@Brad E.
Let me give you an insight into a similar situation of yours that I recently dealt with.
Although it might be slightly different, I'm sure you can relate to my story.
I had to learn it the hard way- lost roughly $1000 on Due diligence, credit check, flood cert, and Appraisal partially on my part but you can't predict everything.
So here goes:
I went through the whole process, placing an offer, getting a counter, accepting, depositing due diligence deposit and earnest money. I had 2 weeks to do the due diligence process= get my home inspection, start my loan paperwork with the local lender, get an appraisal. I wanted to do it within the 2 weeks of due diligence process because I knew if I went over that and I still haven't finalized my research on the property, I could lose big.

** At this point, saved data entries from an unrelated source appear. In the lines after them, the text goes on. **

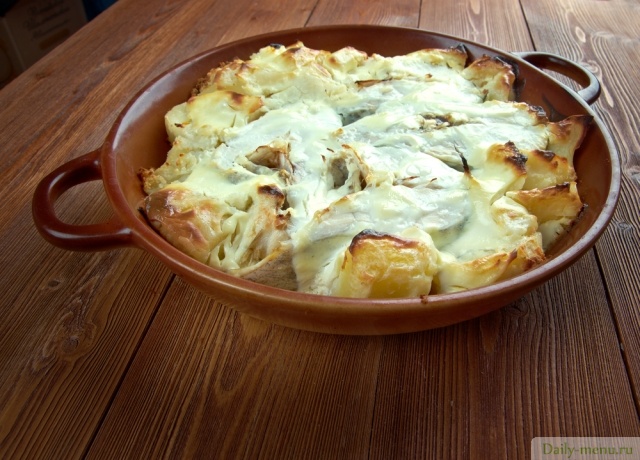 минтай, картофель, сметана 20,0% жирности, лук репчатый, масло оливковое, соль поваренная пищевая, перец черный молотый
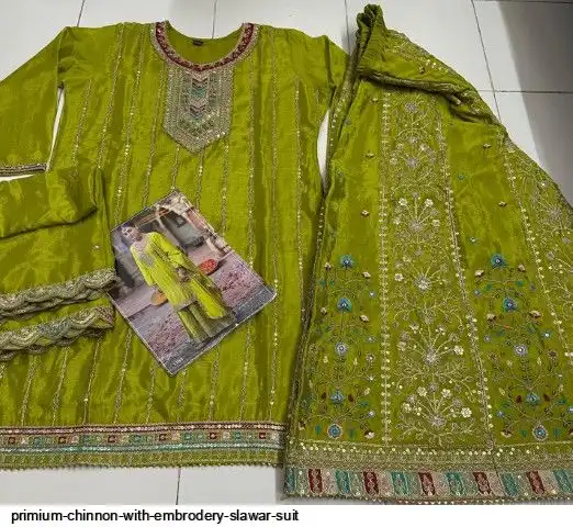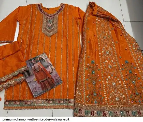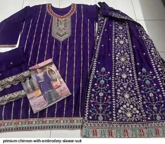 PLAZO :- Primium Chinon With Heavy Embrodery Fancy Coding Dori + 5 Multi Dhaga And siquance work Work (Front + Back Side Full Work)
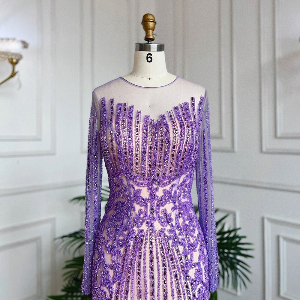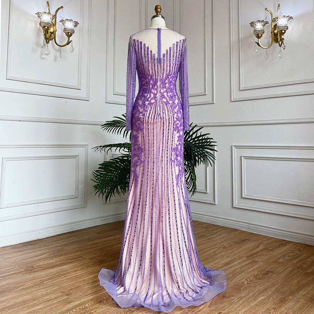 Muslim Lilac Mermaid Elegant Beaded Crystal Dubai Long Evening Dresses Gowns 2025 For Women Wedding Party LA71959
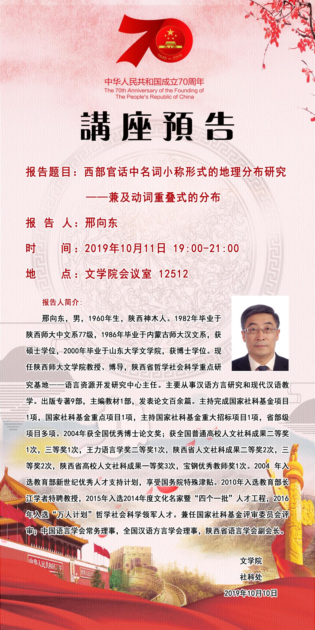 【预告】 陕西师范大学邢向东教授应文学院邀请来威尼斯官网作学术报告
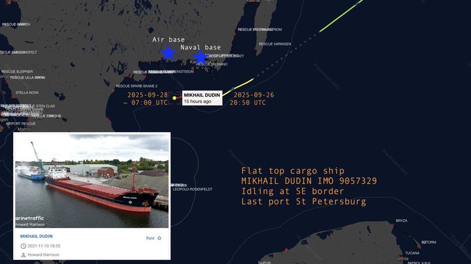 Paralelamente, um grande navio de carga russo, identificado como o “Mikhail Dudin”, foi avistado navegando próximo à costa de Karlskrona. O navio partiu de São Petersburgo, e sua presença coincidiu com os avistamentos de drones, aumentando as suspeitas de que essas atividades possam estar conectadas. A embarcação, registrada sob bandeira liberiana, é um dos maiores navios de carga da frota russa, e sua proximidade com uma base naval estratégica não passou despercebida.
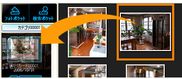 サムネイルを見ながら、必要な写真をピックアップして収納できる一時保管場所です。
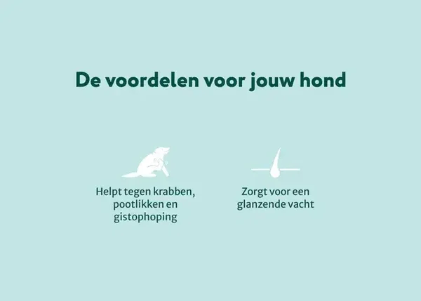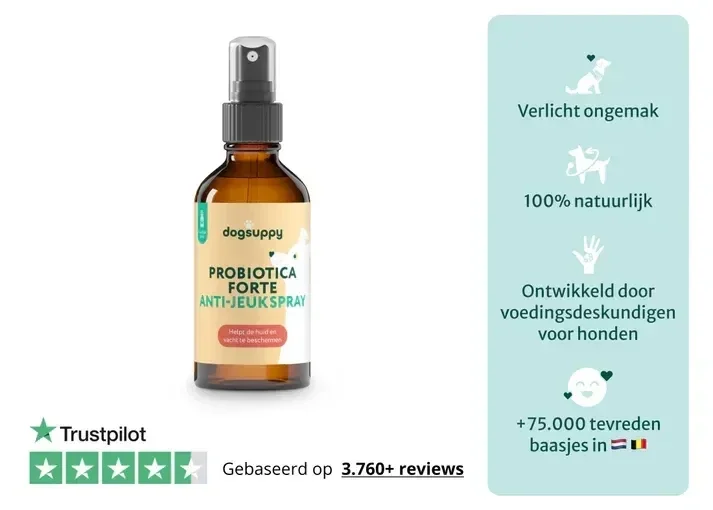 Deze anti-jeuk spray doe je NIET op de voeding van je hond, wel op de vacht waar de jeuk zich situeert.

Based on my home inspection I found out that there were a lot of repairs to be done, already with a thin margin of ~$50/month cash flow (if you take out all expenses including PM), I would be at a loss for quite some time because of repairs being factored into it. Going in, when I did the walk through, I didn't see anything that would be a major concern (I wish I had more knowledge and/or had a home inspector come out with me on another time after I walk the property initially). Big ticket items such as: toilet leak leading to replace the whole bathroom floor, faucet leaks on under sinks, etc etc (something I hadn't noticed during my initial inspection). Long story short, I was looking at around $1000 repairs and HVAC needed replacement in roughly 3-4 years. With $50/month cash flow, that is way too thin of a margin for me to factor in the repair cost and items such as HVAC (even if I added in the CapEX expense per month-which I did).
All in all, I asked the seller to repair everything based on my home inspection. They only agreed on fixing minor things and I could not do it because of the big ticket items that would eat into my cash flow. So I terminated my contract and took my loss.
I learned a lot, but it hurt to lose $1K into thin air. My advice is this: you have to look at your numbers: for your case, even if you're paying 11K over, if you have $100 cash flow (like you said) a month, that is a pretty good margin- not too thin- you have a decent amount of cushion if things go wrong- assuming you did your analysis correctly. If you're a buy and hold (long-term) investor like me, I would still do it even if it appraised lower than your purchase price. Also, if your market is on the rise, that property can appreciate and make-up for the $11K difference and you're still making money with the cash flow! It really depends on your goal, if you want cash flow, and it works, go for it. If you're trying to flip, that is a different story.
Good luck and hope to hear how it went!